-- EXERCISE DATA follows --

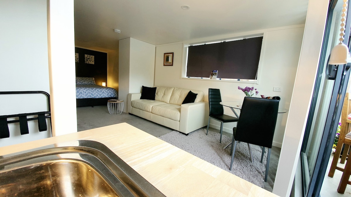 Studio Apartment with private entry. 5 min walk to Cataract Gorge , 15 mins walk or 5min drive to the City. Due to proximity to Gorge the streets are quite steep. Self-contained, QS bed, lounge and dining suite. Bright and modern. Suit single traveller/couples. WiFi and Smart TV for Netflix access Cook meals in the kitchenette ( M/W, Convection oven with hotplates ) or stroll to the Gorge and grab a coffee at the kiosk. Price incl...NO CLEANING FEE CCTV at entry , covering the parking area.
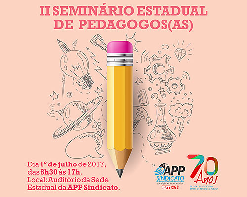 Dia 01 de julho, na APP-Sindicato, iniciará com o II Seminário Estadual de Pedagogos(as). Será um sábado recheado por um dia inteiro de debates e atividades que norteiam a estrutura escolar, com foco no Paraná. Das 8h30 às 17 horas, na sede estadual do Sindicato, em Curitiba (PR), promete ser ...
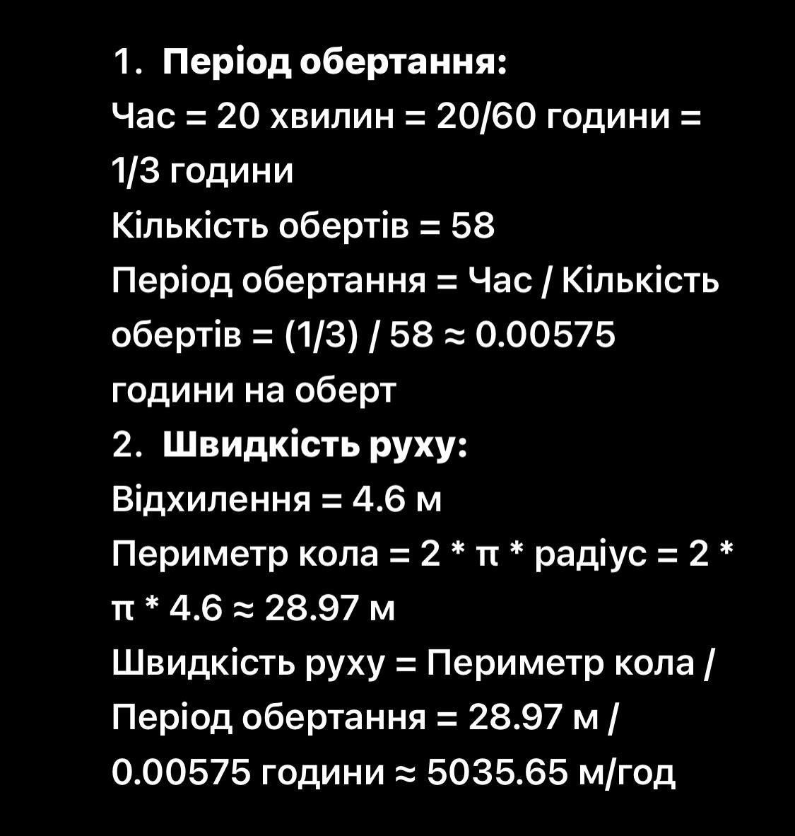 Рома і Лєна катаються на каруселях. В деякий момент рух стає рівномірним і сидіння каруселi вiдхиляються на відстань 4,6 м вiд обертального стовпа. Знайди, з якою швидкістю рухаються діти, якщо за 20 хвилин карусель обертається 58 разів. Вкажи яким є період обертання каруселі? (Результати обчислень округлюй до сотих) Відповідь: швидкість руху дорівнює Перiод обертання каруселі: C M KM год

-- EXERCISE DATA concluded --

Return the data word for word without its pictures.

 Studio Apartment with private entry. 5 min walk to Cataract Gorge , 15 mins walk or 5min drive to the City. Due to proximity to Gorge the streets are quite steep. Self-contained, QS bed, lounge and dining suite. Bright and modern. Suit single traveller/couples. WiFi and Smart TV for Netflix access Cook meals in the kitchenette ( M/W, Convection oven with hotplates ) or stroll to the Gorge and grab a coffee at the kiosk. Price incl...NO CLEANING FEE CCTV at entry , covering the parking area.
 Dia 01 de julho, na APP-Sindicato, iniciará com o II Seminário Estadual de Pedagogos(as). Será um sábado recheado por um dia inteiro de debates e atividades que norteiam a estrutura escolar, com foco no Paraná. Das 8h30 às 17 horas, na sede estadual do Sindicato, em Curitiba (PR), promete ser ...
 Рома і Лєна катаються на каруселях. В деякий момент рух стає рівномірним і сидіння каруселi вiдхиляються на відстань 4,6 м вiд обертального стовпа. Знайди, з якою швидкістю рухаються діти, якщо за 20 хвилин карусель обертається 58 разів. Вкажи яким є період обертання каруселі? (Результати обчислень округлюй до сотих) Відповідь: швидкість руху дорівнює Перiод обертання каруселі: C M KM год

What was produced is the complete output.